In zijn boek pleit Rozemond voor zelf­beschikking in de ruimste zin van het woord. De initiatiefwet ‘Voltooid Leven’ van Pia Dijkstra voldoet daar in zijn ogen op voorhand niet aan.

Rozemond: ‘Die wet is gebaseerd op een arbitraire leeftijdsgrens. Waarom zou iemand pas vanaf zijn 75ste die doodswens kunnen hebben? Vervolgens is er een paternalistisch mechanisme: de persoon in kwestie moet met een levenseindebegeleider gaan praten. Waar bemoeit de overheid zich mee? Iedereen heeft het recht om zijn eigen leven naar eigen inzicht in te vullen; ieder mens heeft ook het recht om zijn eigen leven te beëindigen.
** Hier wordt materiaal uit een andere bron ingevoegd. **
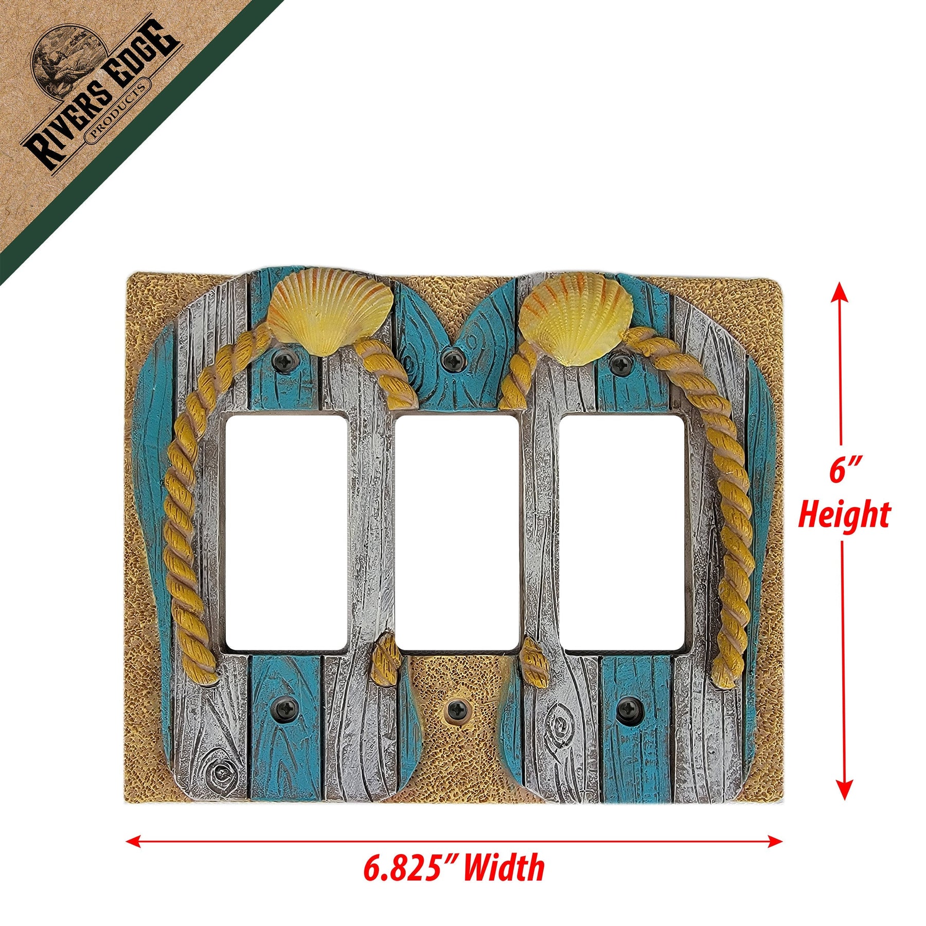 This triple switch decora plate cover from Rivers Edge Products is the ideal accent to complement beach-themed decor. Features a blue and white beach sandal with a scallop shell over a sand textured background. Match this with our other coastal beach themed wall plate covers to complete your seaside decor.
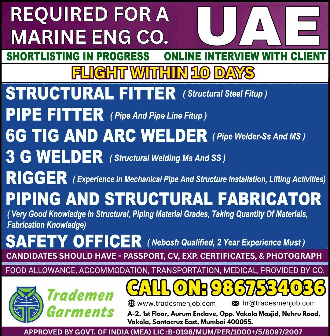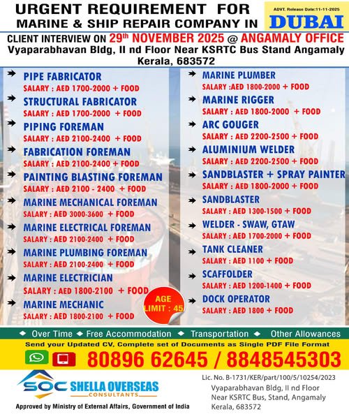 URGENT DUBAI JOBS – Marine & Ship Repair Company

Bepaalde vormen van hulp bij zelfdoding zouden dan ook niet meer strafbaar moeten zijn. Als iemand het zelf wil regelen en daarvoor advies vraagt bij een ervaren zelfdodingsconsulent, dan heeft de staat daar niets mee te maken. Het wordt tijd dat de wetgeving nu eens werkelijk liberaal wordt op dit punt.’

Dupuis: ‘Daar ben ik het geheel mee eens. Als mensen op eigen initiatief, dus zonder arts, dodelijke middelen proberen te verzamelen, dan is dat hun eigen zaak. Degenen die hen daarbij helpen dienen niet gestraft te worden. Dat zou ook veel druk bij artsen wegnemen. Hulp bij zelfdoding bij voorbaat een misdrijf noemen, zoals de wet nu doet, is een relict uit een andere tijd. Zo’n middel zou gewoon beschikbaar moeten zijn in de apotheek. Misschien wel met een vragenlijstje erbij. Doe eens een test in een stad en een provincie, kijk hoe dit uitpakt, evalueer het grondig en schrap dat verbod. Dit is het privédomein van de moraal. Daar hoort ook bij dat je, als je oud bent en der dagen zat, zonder bloedvergieten of vreemde sprongen deze aarde kunt verlaten als je dat wilt.’